"October surprises" in April.
LAYTON CAUGHT IN MASSAGE PARLOR!
HARPER'S ANTI-CANADA QUOTES REVEALED!
IGNATIEFF EXPOSED AS WANNABE YANK IRAQ-INVADER!
We're into the Hallowe'en phase of the federal election campaign.
A fat dossier of potentially damaging Harper quotes over his lifetime, first compiled nearly a decade ago, somehow lands in the Grit camp two weeks ago.
And now Jack Layton (shown campaigning Friday in Courtenay, B.C.), who especially couldn't hope to escape the smear season, given the NDP surge, is reported by the same SNN to, according to an unnamed, now retired, Toronto police officer, seen by the officer and his partner naked in a Chinatown massage parlor in Toronto some 15 years ago.
Full disclosure: On eight separate occasions in the mid-2000s, someone bursting into the massage room of my chiropractor would have found me lying starkers on a bed. I can feel my reputation rapidly slipping away as I try to explain my conduct. Of how the young woman massaging me was gradually (miraculously) removing the previous decades' of accumulated stress from my major muscle groups, notably in my shoulders, that had seized up. I swear nothing untoward happened. I was lectured incessantly on the merit of bike lanes by possibly the GTA's only masseuse who knew the names of each anti-bike-lane member of city council. This work was done in her basement clinic on a Toronto sidestreet, which makes the whole enterprise sound even dodgier.

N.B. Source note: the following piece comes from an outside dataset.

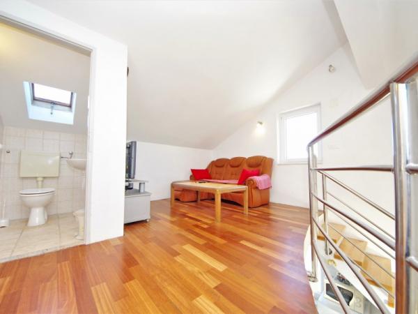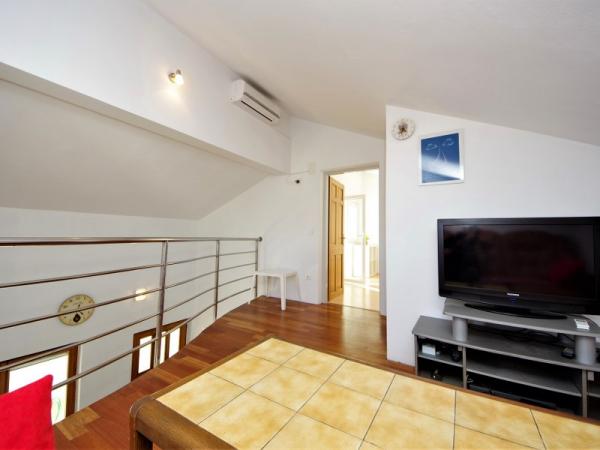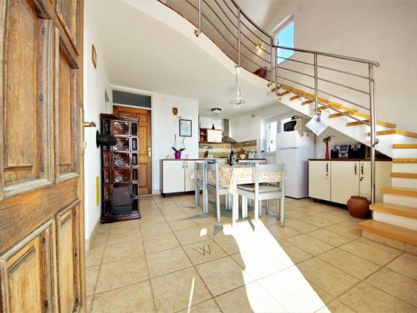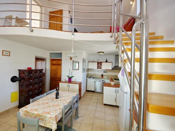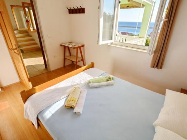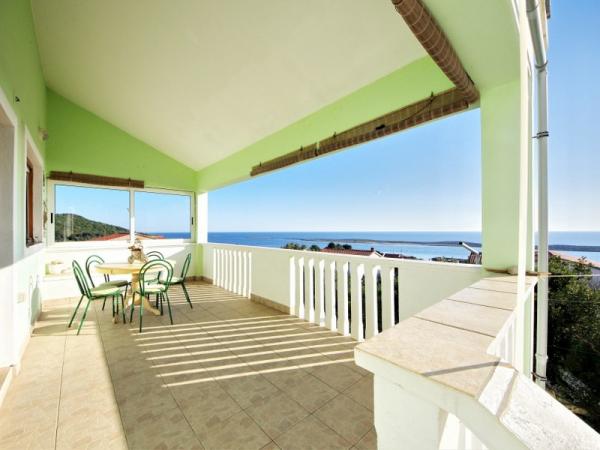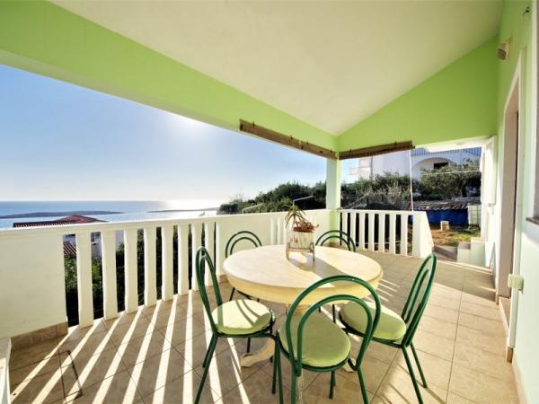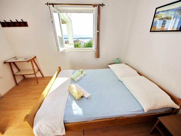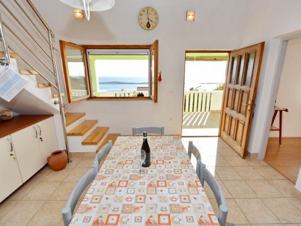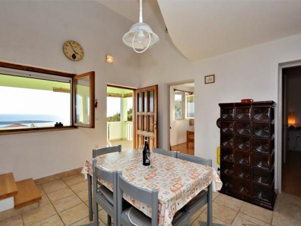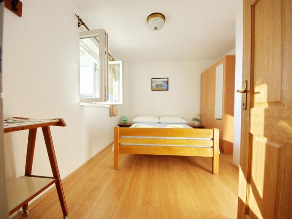Familieferiehus beliggende i en rolig og høj beliggenhed på den vestlige side af øen. Fra den rummelige terrasse kan du nyde udsigten over det åbne hav og de nærliggende øer og den unikke solnedgang. Butikken, færgehavnen, restauranten og stranden ligger kun et par minutters gang fra huset, mens øens centrum ligger på toppen af bakken og ligger 5-6 minutter væk.

Layton insists that, while he did obtain a massage from a facility properly licensed with the city as a registered massage parlor, he also did not engage in improper behavior. He recalls the two officers telling him the premises were suspected of being used for illicit purposes, and that he should stay away from the place. Layton gave the cops his telephone number and address and left. Later that day he told his wife, Olivia Chow, MP for Trinity-Spadina, about the incident. She issued a statement yesterday saying she had known previously of her husband's massage-clinic appointment, "as I always do," and has seconded Layton's assertion he had done nothing wrong.
What's interesting here is that through Layton's eight election campaigns since 1996, that incident has never been revealed. Has been non-newsworthy until this highly convenient time, though it occurred in the news-media capital of English Canada, and starred an individual even then among the most prominent people in the city.

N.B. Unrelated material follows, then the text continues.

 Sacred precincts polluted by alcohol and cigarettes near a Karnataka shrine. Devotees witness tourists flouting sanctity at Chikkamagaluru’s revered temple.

By 1996, Jack Layton had served for ages on Toronto city council, and had endured a high-profile loss in a run for mayor. In a world of "gotcha journalism," Layton would have been a prize indeed for the scandal-hungry Toronto papers.
But no, we did not learn about this incident - an entirely innocent one, according to the only two people who will go on the record about it - for a decade and a half. We're first learning of this stale "news" 72 hours before Election Day, on the only occasion in its 79-year history when the CCF/NDP is poised to form a national government or official opposition.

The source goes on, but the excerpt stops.